9. When did you become involved in Maori activism?
I was awakened politically when I was at Hillary College by young irreverent teachers like Warren Lindberg and Ian Kahurangi Mitchell. I went to the Young Maori Leaders Conference and heard people like Ranginui Walker, Patu Hohepa and Sid Jackson. I carried their influence to Wellington, which in 1972 was a very politicised city with mobilisation against the Vietnam War. Tama Poata became a huge influence.

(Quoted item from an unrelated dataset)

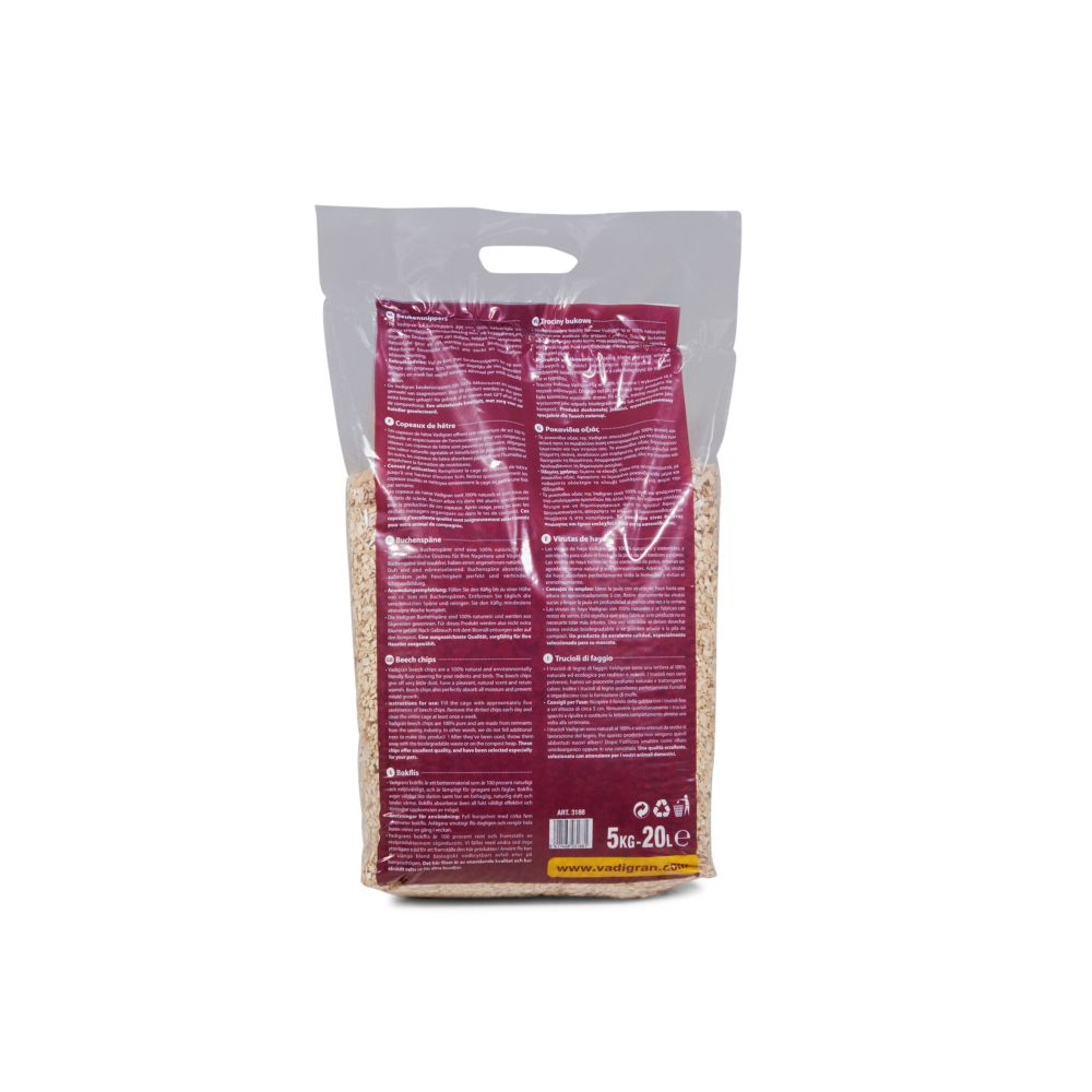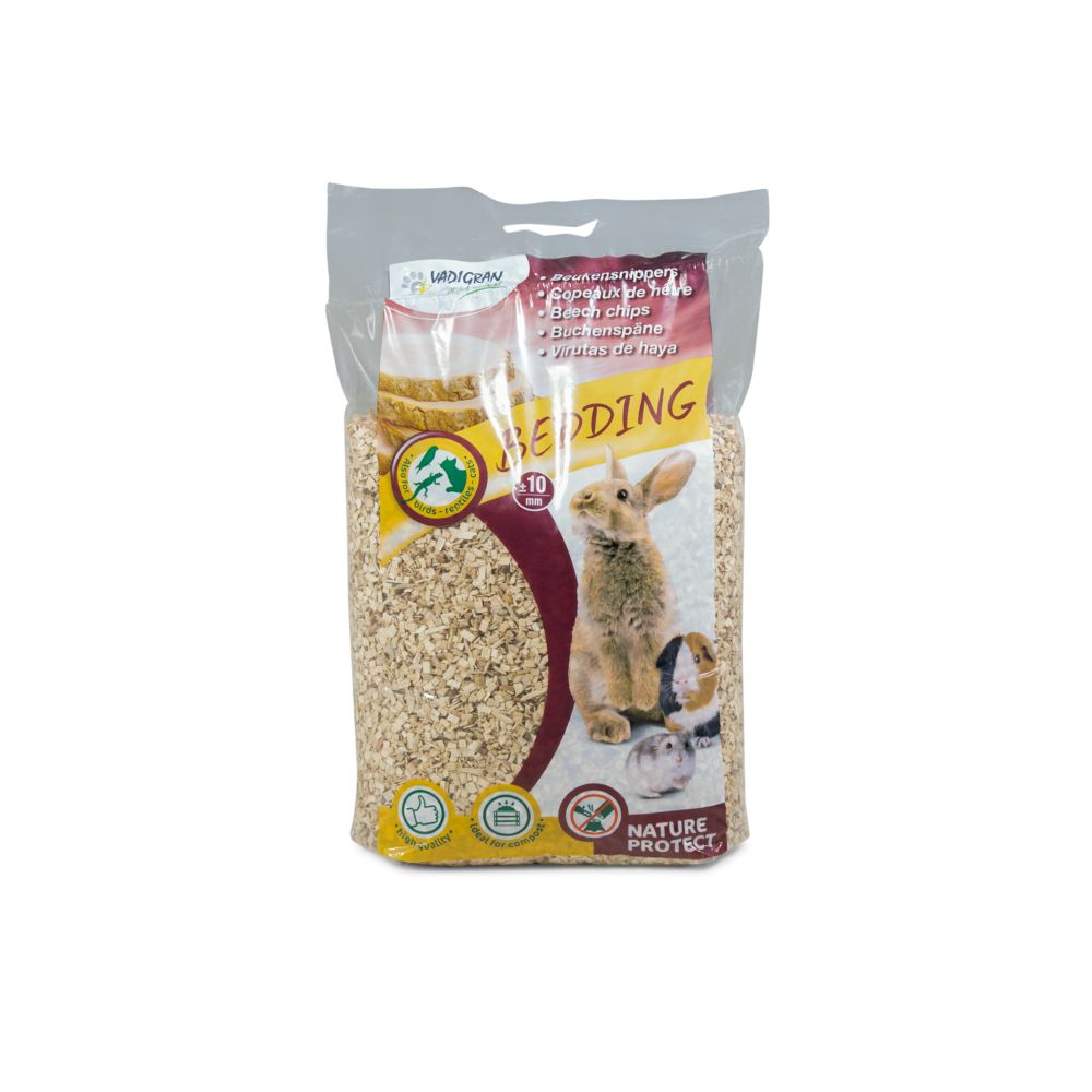 Το Vadigran Bedding Beech Chips είναι ένα υπόστρωμα από ξυλοτεμαχίδια οξιάς με μεγαλύτερο μέγεθος κόκκων 10 mm, σχεδιασμένο για χρήση σε κλουβιά και χώρους διαμονής μικρών ζώων όπως κουνέλια, ινδικά χοιρίδια και χάμστερ, προσφέροντας καλή απορρόφηση υγρασίας και φυσική άνεση.

10. How did you become president of the Wellington branch of Maori activist group Nga Tamatoa?
I founded the branch in 1972. There were four of us at our first hui in my Tasman St flat. At the next meeting there were eight so I sent out a press release saying our membership had doubled. We decided to have a Maori Language Day. Together with the Maori students group we managed to have it held all over the country on 14 September 1972. We were all young kids but we convinced the TV news and weather presenters to say some words in te reo, just things like kia ora which the viewing public found really offensive. The highlight was presenting the Maori Language Petition to Parliament with 30,000 signatures calling for te reo to be offered in schools.

11. Your daughter Marama Davidson is now a Green MP. How did you meet her mum, Hana Te Hemara?
In the run up to the 1972 election, Nga Tamatoa's objective was to lift the profile of Maori issues so we set up a tent embassy on the grounds of Parliament. Hana was one of the many that joined us in support. So we met, literally, on the steps of Parliament and now our baby's up there walking those steps every day. I'm very proud of Marama.

12. Has New Zealand progressed with bilingualism as much as you'd hoped back in the 70s?
No, I would've hoped that Maori was a core subject in primary schools along with English and maths. I still hope that New Zealand will become truly bilingual and I think we can before I cark it.

When Sun & Moon Collide, ASB Waterfront Theatre, June 20 to July 6.